In software engineering, double-checked locking (also known as "double-checked locking optimization") is a software design pattern used to reduce the overhead of acquiring a lock by testing the locking criterion (the "lock hint") before acquiring the lock.  Locking occurs only if the locking criterion check indicates that locking is required.

The pattern, when implemented in some language/hardware combinations, can be unsafe. At times, it can be considered an anti-pattern.

It is typically used to reduce locking overhead when implementing "lazy initialization" in a multi-threaded environment, especially as part of the Singleton pattern.
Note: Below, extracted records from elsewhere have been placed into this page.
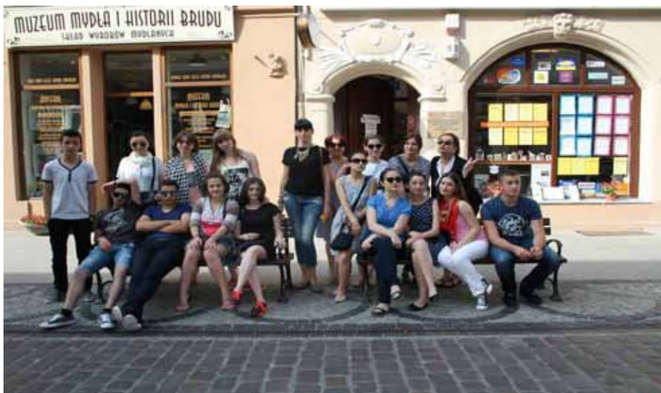
ახალგაზრდების ვიზიტი პოლონეთში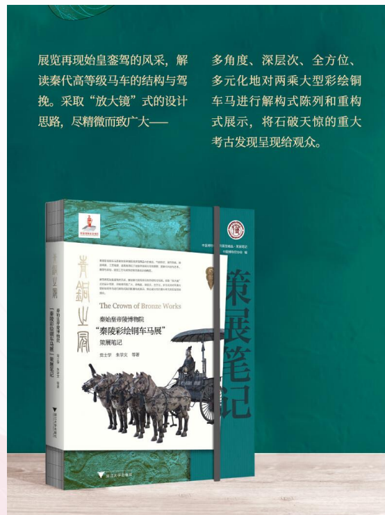
秦始皇帝陵博物院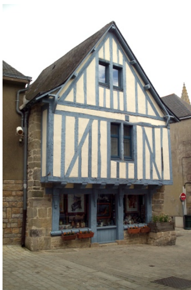
Vue de la façade à pignon. IVR52_20064402524NUCA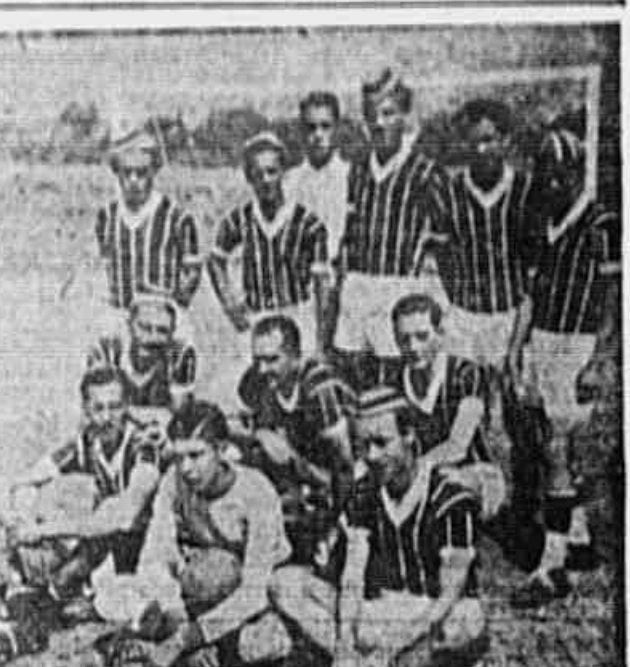
O QUADRO DO S. C. JUNQUEIRA — O time do S. C. Junqueira é um dos mais aguçados conjuntos do esporte do povo. Entusiasmo não falta aos rapazes do valeroso clube cujos componentes aparecem na foto acima.

SÉRIE "E" Centro Democrática da Piedade x S. C. Balaiaha — Unidos de Glorinha x Lorena F. C. — S. C. Luso Brasileiro x Estrela do Oriente — Unidos do Sampulô x S. C. Royal — São Gabriel F. C. x Rio A. C. — Fúfura F. C. x Faustiano F. C. — Londres S. C. x Unidos de Belmonte — Vila F. C. x S. C. Onze Diabos — S. C. Guarani x S. C. Condor — Maxwell x Independente F. C. de Marechal Hermes — Coração Unidos de Jacarepaguá x S. C. Agua Branca — Universal de Bonassuto x S. C. Beltramar — S. C. Laurindo Filho x João Vicente F. C. — Nova Aurora x S. C. Gróvão. — By: Carlos Chagas. — C. de Marechal Hermes.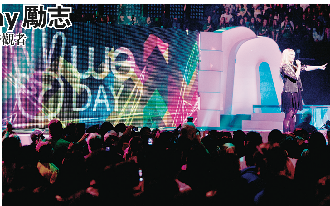
X Factor 的評審 Demi Lovato 應邀在 We Day 表演。溫哥華 We Day 活動總共有約2萬名青少年參加。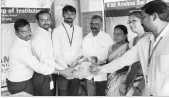
హాస్టల్ విద్యార్థులకు స్టీల్ పళ్లెాలు అందజేస్తున్న ఎన్ఎస్ఎస్ విభాగం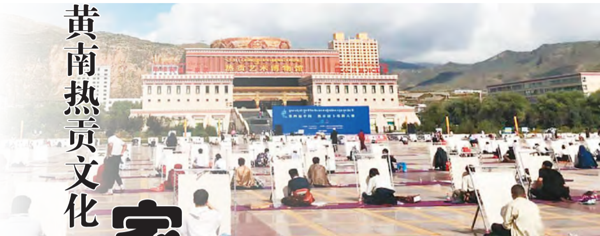
2018年8月8日,第四届中国·热贡唐卡绘制大赛在热贡广场拉开帷幕。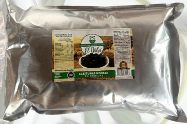
ACEITUNAS NEGRAS RODAJAS 1800G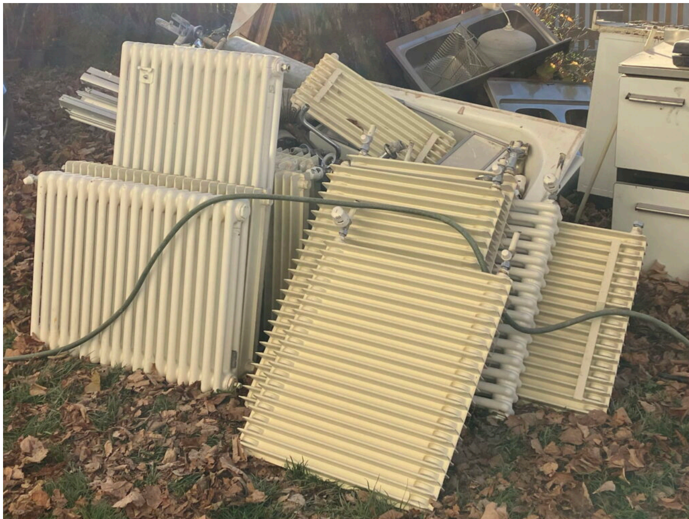
Abb. 5: Was anfangs der 70er noch ein gewichtiges Zeichen des technischen Fortschrittes war hat fünfzig Jahre später nur mehr Alteisenwert.

Die Anlage, errichtet noch vor der ersten Ölkrise, entsprach nach 50 Jahren bei Weitem nicht mehr den aktuellen Energiesparstandards, weswegen der erste Schritt der Anschluss an das Rittner Fernheizwerk im Jahr 2020 war. Die Verluste durch nicht isoliert verlegte Metallrohre in den Wänden und Fenstern, welche zwar noch sehr gut erhalten, aber trotzdem vom thermischen Standpunkt her überholt waren, verhinderten jedoch jede finanzielle Einsparung, insbesondere im Winterbetrieb. Deshalb ist ein zentraler Teil der momentanen Umbauarbeiten die komplette Umstellung der Heizung auf Fernwärme mit Fußbodenheizung, sowie das Ersetzen der Fenster.

Lazy initialization avoids initializing a value until the first time it is accessed.

Usage in C++11 
For the singleton pattern, double-checked locking is not needed:

Singleton& GetInstance() {
  static Singleton s;
  return s;
}

C++11 and beyond also provide a built-in double-checked locking pattern in the form of std::once_flag and std::call_once:
#include <mutex>
#include <optional> // Since C++17

// Singleton.h
class Singleton {
 public:
  static Singleton* GetInstance();
 private:
  Singleton() = default;

  static std::optional<Singleton> s_instance;
  static std::once_flag s_flag;
};

// Singleton.cpp
std::optional<Singleton> Singleton::s_instance;
std::once_flag Singleton::s_flag{};

Singleton* Singleton::GetInstance() {
  std::call_once(Singleton::s_flag,
                 []() { s_instance.emplace(Singleton{}); });
  return &*s_instance;
}

If one truly wishes to use the double-checked idiom instead of the trivially working example above (for instance because Visual Studio before the 2015 release did not implement the C++11 standard's language about concurrent initialization quoted above  ), one needs to use acquire and release fences:

#include <atomic>
#include <mutex>

class Singleton {
 public:
  static Singleton* GetInstance();

 private:
  Singleton() = default;

  static std::atomic<Singleton*> s_instance;
  static std::mutex s_mutex;
};

Singleton* Singleton::GetInstance() {
  Singleton* p = s_instance.load(std::memory_order_acquire);
  if (p == nullptr) { // 1st check
    std::lock_guard<std::mutex> lock(s_mutex);
    p = s_instance.load(std::memory_order_relaxed);
    if (p == nullptr) { // 2nd (double) check
      p = new Singleton();
      s_instance.store(p, std::memory_order_release);
    }
  }
  return p;
}

Usage in POSIX 
pthread_once() must be used
to initialize library (or sub-module) code when its API does not have a dedicated initialization 
procedure required to be called in single-threaded mode.

Usage in Go 
package main

import "sync"

var arrOnce sync.Once
var arr []int

// getArr retrieves arr, lazily initializing on first call. Double-checked
// locking is implemented with the sync.Once library function. The first
// goroutine to win the race to call Do() will initialize the array, while
// others will block until Do() has completed. After Do has run, only a
// single atomic comparison will be required to get the array.
func getArr() []int {
	arrOnce.Do(func() {
		arr = []int{0, 1, 2}
	})
	return arr
}

func main() {
	// thanks to double-checked locking, two goroutines attempting to getArr()
	// will not cause double-initialization
	go getArr()
	go getArr()
}

Usage in Java 
Consider, for example, this code segment in the Java programming language as given by  (as well as all other Java code segments):

// Single-threaded version
class Foo {
    private static Helper helper;
    public Helper getHelper() {
        if (helper == null) {
            helper = new Helper();
        }
        return helper;
    }

    // other functions and members...
}

The problem is that this does not work when using multiple threads. A lock must be obtained in case two threads call getHelper() simultaneously. Otherwise, either they may both try to create the object at the same time, or one may wind up getting a reference to an incompletely initialized object.

The lock is obtained by expensive synchronizing, as is shown in the following example.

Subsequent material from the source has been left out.